I was surfing the Social Science Statistics Blog
I wrote about in my 5/18/2008 column
when I came across an intriguing entry from April 4, 2009, titled: Can Nonrandomized Experiments Yield Accurate Answers?
As I read first the blog summary, then the article itself, I realized the issues raised by the authors are pertinent to business and BI.
BI is often tasked with measuring the performance of a new business intervention such as the opening of a new store, the launch of a product, execution of a marketing campaign, or a change in business strategy. Two of the more common measurement designs for testing such interventions are the simple pretest-postest and pretest-postest with control group. The schematics below depict each design, O representing measurement, X signifying the intervention. The pretest-postest design assesses the group that received the intervention both before and after. The pretest-postest with control adds a second group that is measured but does not receive the treatment:
pretest-postest: O X O
pretest-postest with control: O X O
The trouble with these simple nonrandomized designs is that it's easy to construct alternative explanations to the intervention itself for differences in pre and post measurements. Pity the poor dupe hired with a two year contract as CEO of a cyclical company in January 2008. Even with heroic effort, her company performance will pale in a pre-post comparison to 2006-2007, victim of our deep recession. Alas, through no fault of her own, she could be unemployed at the end of a second recessionary year. The new coach of the Detroit Lions, on the other hand, cannot have a worse record than his 2008 predecessor, who suffered through an ignominious 0-16 season. Regression to the mean will assure the Lions at least a few victories in 2009, even if the team still stinks.

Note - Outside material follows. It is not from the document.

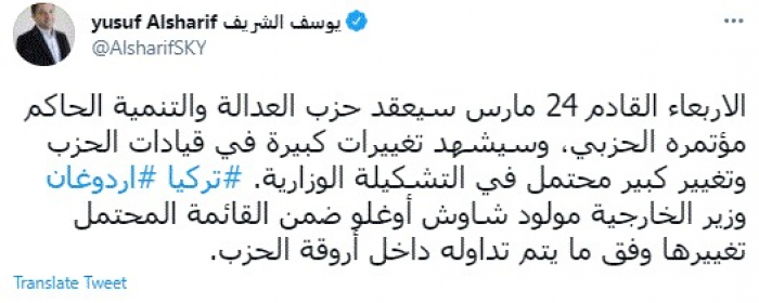 وقال في تغريدة عبر "تويتر" رصدها "المشهد العربي": "الأربعاء القادم 24 مارس سيعقد حزب العدالة والتنمية الحاكم مؤتمره الحزبي، وسيشهد تغييرات كبيرة في قيادات الحزب وتغيير كبير محتمل في التشكيلة الوزارية. وزير الخارجية مولود شاوش أوغلو ضمن القائمة المحتمل تغييرها وفق ما يتم تداوله داخل أروقة الحزب".

In both cases though, something other than the "intervention" could be producing the change in performance, despite consequences for those responsible.
The second design, pretest-postest with control, is a step up from simple pretest-postest. Differences in pre and post test measures due to factors other than the internention, such as history or maturation, should be similar between treatment and control. Analysts often construct the pre-post differences for intervention and control, and then compute the difference of these measures the so-called "difference in differences". While often very valuable, this design can suffer from "selection bias" if the treatment and control groups are not comparable, perhaps differing systematically out of the gate on factors other than the intervention which could influence measurement. A pilot product test constrained to New England, for example, might succeed (or fail) more on the nature of New Englanders than the product itself.
The true experiment, with random assignment to intervention and control groups, is an obvious improvement over simple pretest-posttest with nonrandomized control. In theory, random assignment assures (within probability limits) that other "confounding" factors that could contaminate results are "equal" between the groups. In a properly-randomized experiment, the difference in differences calculation can be telling. Amazon's randomized experiments with user experience on their web site, and Capital One's experiments with different credit card offerings, varying fees, interest rates and rewards, are cases in point.
There are many BI situations, however, where randomization is impractical or inadvisable. The BI analyst is then left with the challenge of responding to alternative explanations to the intervention that could explain changes in measurement. Often, in these instances, the analyst will measure potential confounding variables, and adjust findings statistically using techniques such as matching, analysis of covariance, and propensity scores.
The Can Nonrandomized Experiments Yield Accurate Answers? article details an investigation contrasting findings of bias from a randomized experiment to a self-selected study. The results, heartening for BI, are that statistical adjustments of nonrandomized experiments can approximate findings from randomized inquiries. For situations in which randomization is infeasible, therefore, BI analysts would be wise to consider the adjustment techniques detailed in this article to "purify" their findings, so they can enjoy the statistical confidence of a randomized experiment.